Why Not Use Apple's Built-in "Say" Command?

We deliberately chose not to use macOS's built-in say command for text-to-speech. While it's readily available and requires no setup, the voice quality is too robotic to meet today's user expectations. After being exposed to natural-sounding AI voices from services like ElevenLabs and OpenAI, users expect conversational AI to sound human-like. The say command's 1990s-era voice synthesis would make the assistant feel outdated and diminish the user experience, so it wasn't worth implementing as an option.

Apple's newer Speech Synthesis API offers much higher quality voices that could be a great fit for this project. However, we're waiting for proper Python library support to integrate it. Once Python bindings become available, we'll add support for these modern Apple voices as another local TTS option.

Built with speech recognition (Whisper), language model processing (Gemma3/MLX), and text-to-speech synthesis (Kokoro/ChatterBox), LocalTalk gives you the convenience of modern AI assistants without sacrificing your privacy or requiring internet connectivity.

Why "LocalTalk"?

The name "LocalTalk" is a playful homage to Apple's classic LocalTalk networking protocol from the 1980s. Just as the original LocalTalk enabled local network communication between Apple devices without needing external infrastructure, our LocalTalk enables local AI conversations without needing external cloud services.

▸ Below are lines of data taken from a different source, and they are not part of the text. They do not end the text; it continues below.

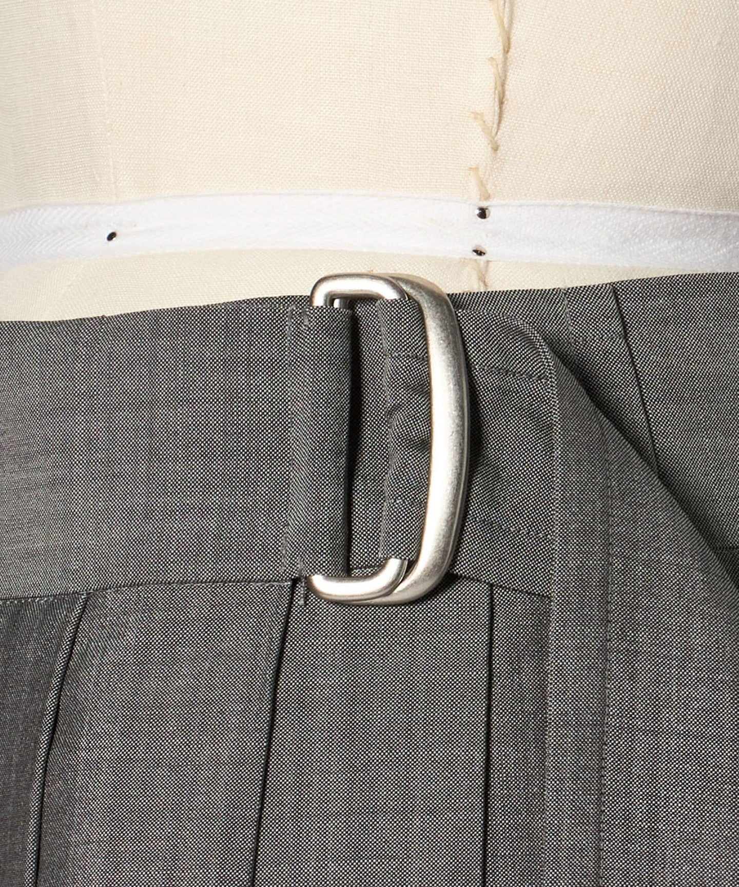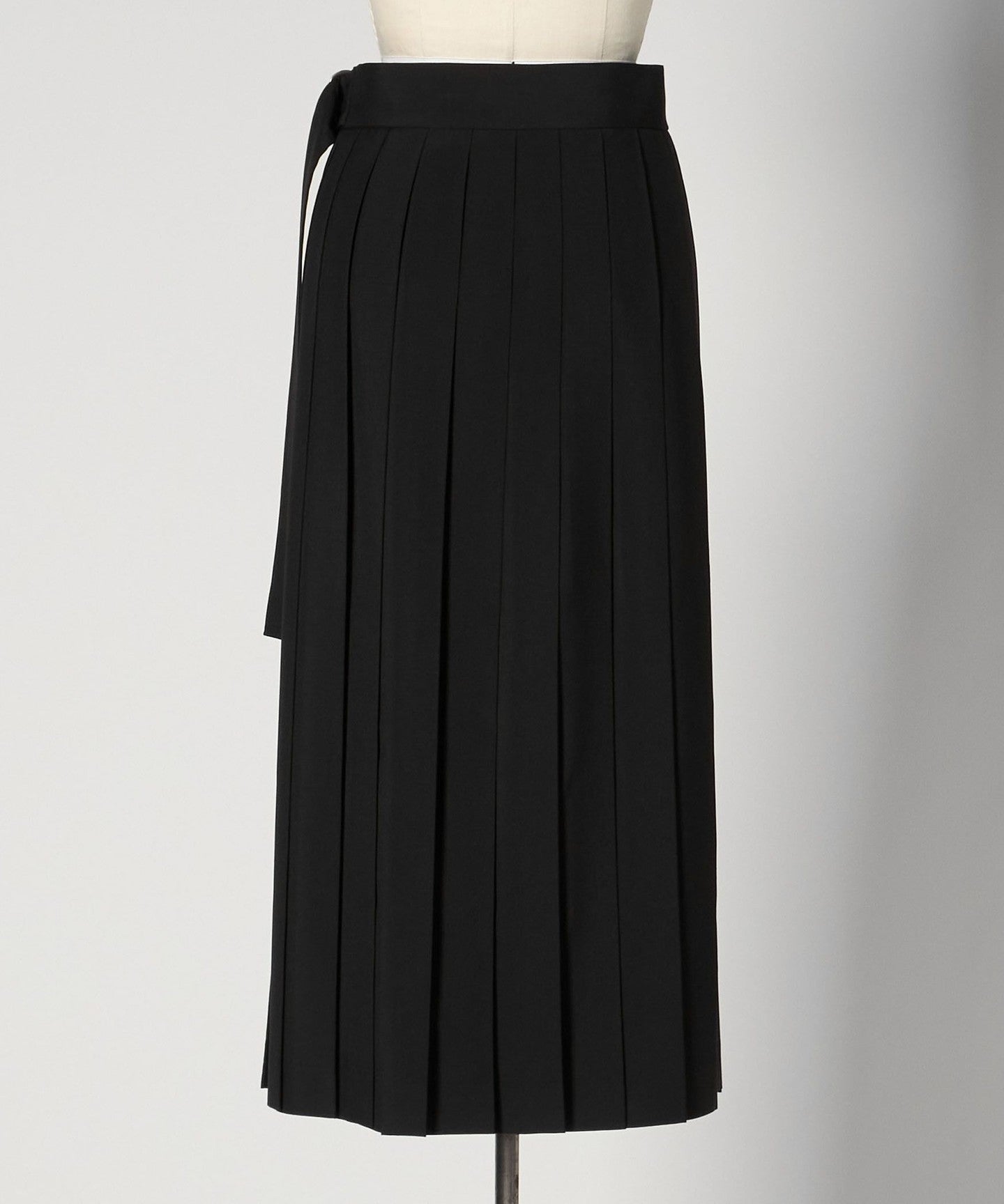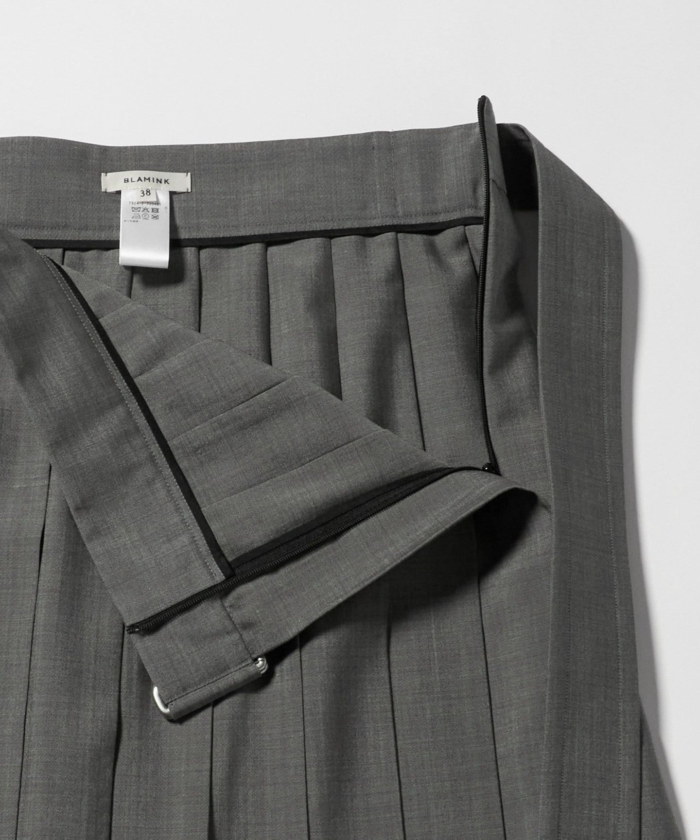 A long pleated skirt made from solid color wool mohair fabric that gives a gentle impression.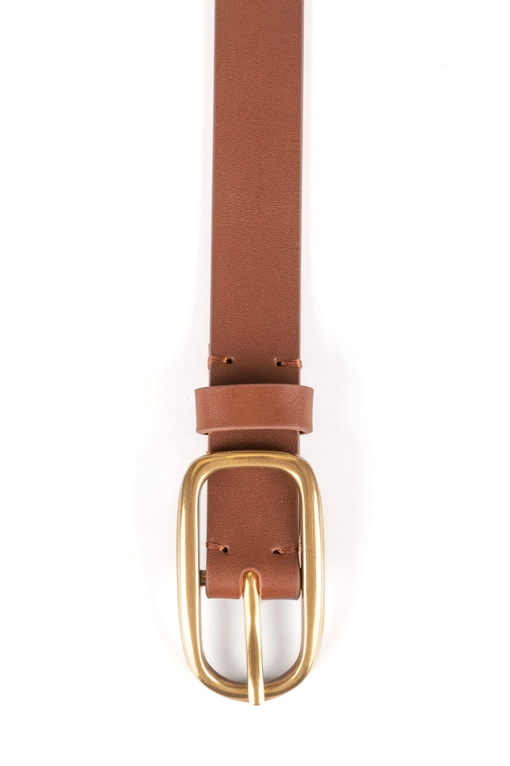 Pasek ze skóry naturalnej z zaokrągloną złotą klamerką.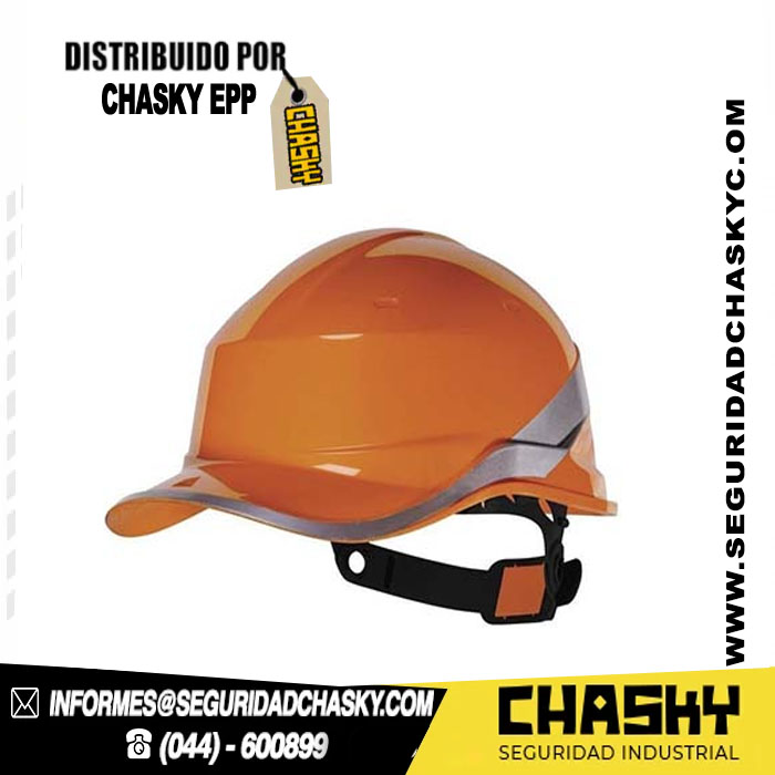 Casco de obra ABS. Forma innovadora de gorra de baseball que proporciona una mayor visión vertical. Sometido a tests con visera llevada hacia delante o hacia atrás, para menos estorbo. Arnés interior de poliamida : 3 bandas textiles con 8 puntos de fijación. Sudadera de esponja. Sistema innovador de presión con botón “color to color”. Ajustable desde los 53 a los 63 cm de contorno de la cabeza. 2 posiciones posibles de contorno (alto/bajo) para un mejor confort. Aislamiento eléctrico hasta 1000 VAC o 1500 VCC.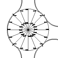 För inre/yttre centralö i rondeller textar programmet punkt i 16 sektorer. För andra linjer textar programmet kurvpunkterna. Observera att det inte är möjligt att flytta textningen manuellt i planvisning.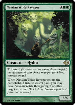Tribute 6 (As this creature enters, an opponent of your choice may put six +1/+1 counters on it.) When this creature enters, if tribute wasn't paid, you may have this creature fight another target creature. (Each deals damage equal to its power to the other.)
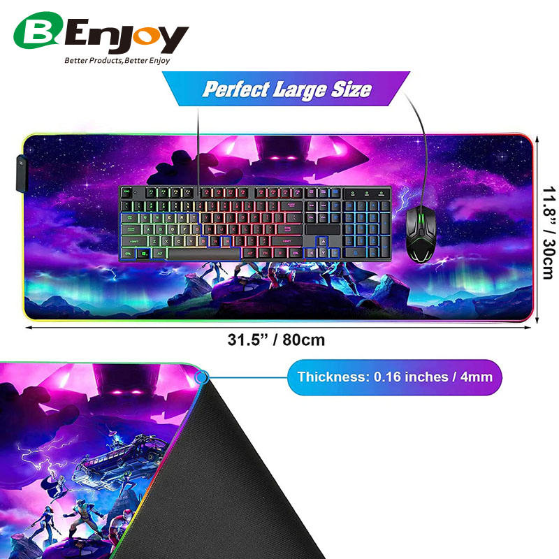 Tapis de souris de jeu imprimé 11 modes de lumière LED RVB imperméable et doux XXL Gamer grand en stock

The name works on two levels:

  • Local: Everything runs locally on your Mac - no internet required after initial setup
  • Talk: It's literally a talking app that listens and responds with voice

It's the perfect name for an offline voice assistant that embodies Apple's tradition of making powerful technology accessible and self-contained.

Features

  • 🎤 Speech Recognition: Convert speech to text using OpenAI Whisper
  • 🤖 Native Audio Processing: Gemma3 model with direct audio understanding
  • 🚀 Fast TTS: MLX-Audio Kokoro for near real-time speech synthesis
  • 🔊 Multiple TTS Options: Choose between fast Kokoro or high-quality ChatterBox
  • 💬 Dual Input Modes: Type or speak your queries
  • 🎭 Voice Options: Multiple voice personalities with Kokoro
  • 💾 Fully Offline: No internet connection required after setup
  • 🔒 100% Private: Your conversations never leave your device

Requirements

  • Python 3.11+
  • macOS with Apple Silicon (M1/M2/M3)
  • Microphone for voice input
  • MLX framework (installed automatically)

Platform Support:

  • macOS (Apple Silicon): ✅ Fully supported as first class platform.
  • Linux / CUDA backend: 🚧 Planned (see roadmap below).
  • Windows: 🤷🏼‍♂️ Would consider, but not seriously.

Installation - with uv

Recommended: install the CLI as a uv tool

uv tool install localtalk

# uvx also works, nice demo one-liner
uvx localtalk

Contributor/Developer Setup

  1. Clone the repository:
git clone https://github.com/anthonywu/localtalk
cd localtalk
  1. Create a virtual environment (using uv recommended):
uv venv
source .venv/bin/activate  # On Windows: .venv\Scripts\activate
  1. Install the package:
uv pip install -e .
  1. Download NLTK data (required for sentence tokenization):
python -c "import nltk; nltk.download('punkt')"
  1. MLX-VLM will automatically download models on first run
    • No additional setup required
    • Models are cached locally for offline use

Quick Start (Hello World)

Basic Usage

Run the voice assistant with default settings:

localtalk

This will:

  1. Start with fast Kokoro TTS (MLX-Audio)
  2. Use the mlx-community/gemma-3n-E2B-it-4bit model
  3. Enable dual-modal input (type or speak)
  4. Use base.en Whisper model for speech recognition

Complete Hello World Example

# 1. Run the voice assistant
localtalk

# 2. You'll see: "💬 Type your message or press Enter to record audio:"
# 3. Either:
#    - Type "Hello, how are you?" and press Enter
#    - OR press Enter, speak, then press Enter again
# 4. Listen to the AI's response with fast Kokoro TTS!

Different TTS Backends

# Fast mode (default) - Kokoro TTS with audio output
localtalk

# Different Kokoro voices: American female "nova"
localtalk --kokoro-voice af_nova --kokoro-speed 1.2

# Different Kokoro voices: Engish female "bella"
localtalk --kokoro-voice bf_bella --kokoro-speed 1.2

# High-quality mode - ChatterBox TTS (experimental, slow)
localtalk --use-chatterbox

Configuration Options

Command-Line Arguments

Primary AI Model Options:

  • --model NAME: MLX model from Huggingface Hub (default: mlx-community/gemma-3n-E2B-it-4bit)
  • --whisper-model SIZE: Whisper model size (default: base.en)
  • --temperature FLOAT: Temperature for text generation (default: 0.7)
  • --top-p FLOAT: Top-p sampling parameter (default: 1.0)
  • --max-tokens INT: Maximum tokens to generate (default: 100)

TTS Options:

  • --kokoro-model: Choose Kokoro model (4bit/6bit/8bit/bf16, default: 4bit)
  • --kokoro-voice: Voice personality (af_heart/af_nova/af_bella/bf_emma)
  • --kokoro-speed: Speech speed 0.5-2.0 (default: 1.0)
  • --no-tts: Disable TTS for text-only mode
  • --use-chatterbox: Use experimental ChatterBox TTS (slow but high quality)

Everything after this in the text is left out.